Realistically they have a capacity of only 267mAh when the current is 100mA and the battery runs down to 7.2V. Then two in parallel have a capacity of 534mAh.
I am not talking about cheap Chinese batteries that cost only $1.00 at The Dollar Store.

At 100mA, four series/parallel batteries will last for about 534/20= 27 (+12% because the current slowly drops)= 30 hours and the dimming during that time will not be much.
At 20mA, four series/parallel batteries will last for about 53 hours.

 

Energizer and Duracell are American name-brand batteries.
Their 9V alkaline batteries are 625mAh when the current is only 25mA and the battery is run down to only 4.8V.
Realistically they have a capacity of only 267mAh when the current is 100mA and the battery runs down to 7.2V. Then two in parallel have a capacity of 534mAh.
I am not talking about cheap Chinese batteries that cost only $1.00 at The Dollar Store.

At 100mA, four series/parallel batteries will last for about 534/20= 27 (+12% because the current slowly drops)= 30 hours and the dimming during that time will not be much.
At 20mA, four series/parallel batteries will last for about 53 hours.
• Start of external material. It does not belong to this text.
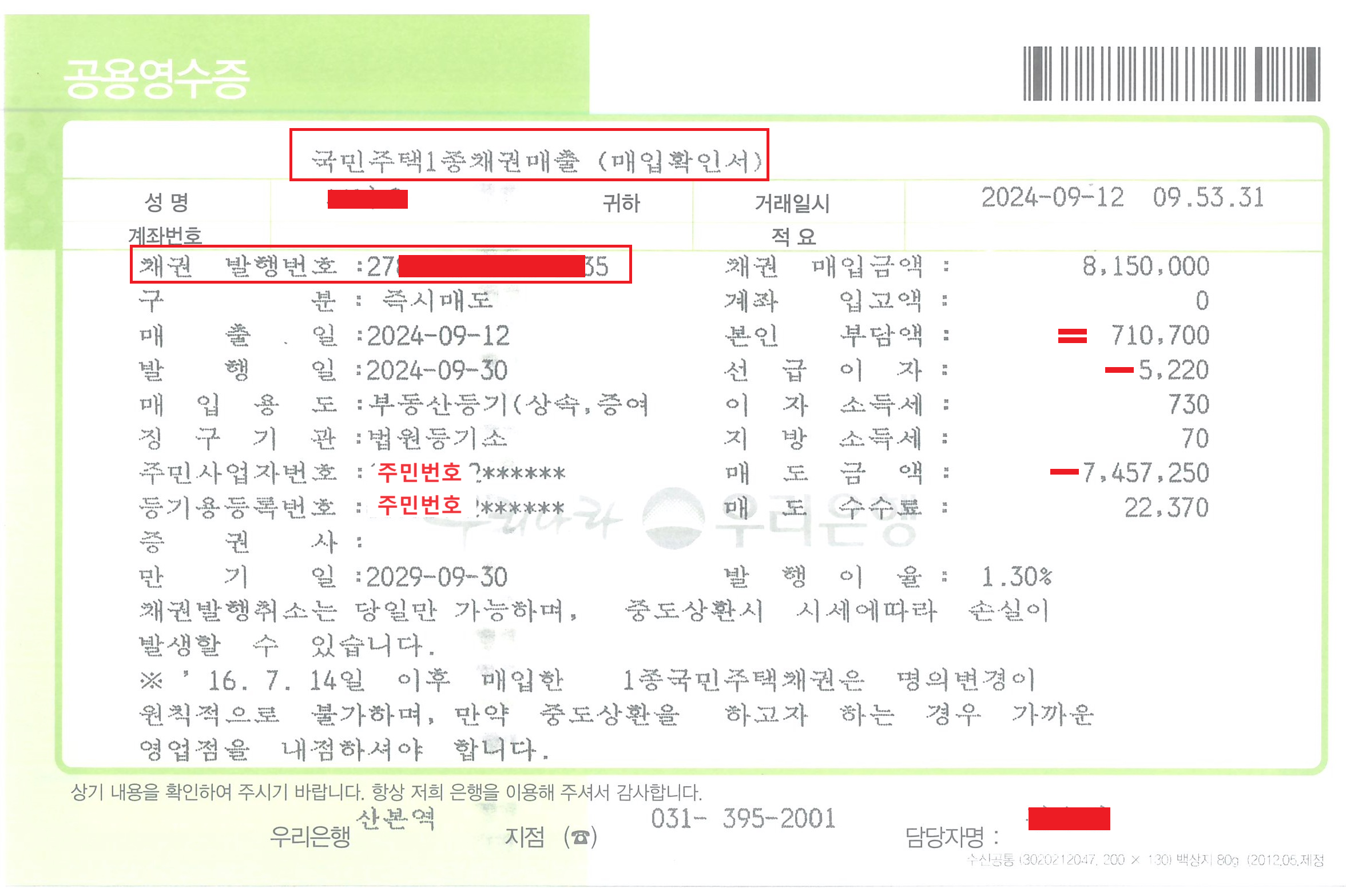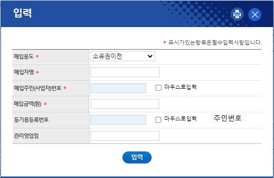 > 매입자명 , 주민 번호, 금액 쓰고

That sounds great, thank you for this info.

I have completed this project last weekend, it worked out very well! I put everything into a hand held project box with rocker switch for the on/off. 3 leads going to the difference leds were measured out to about 10" at max length & 6" at min length. I used 3 leds and only 2 9v's for now, though I wired it to use 4 as I planned from before. I will attached a picture later on showing the results in a dark room.

Thank you to all who gave me insight to finish this project, your help was very valuable to say the least.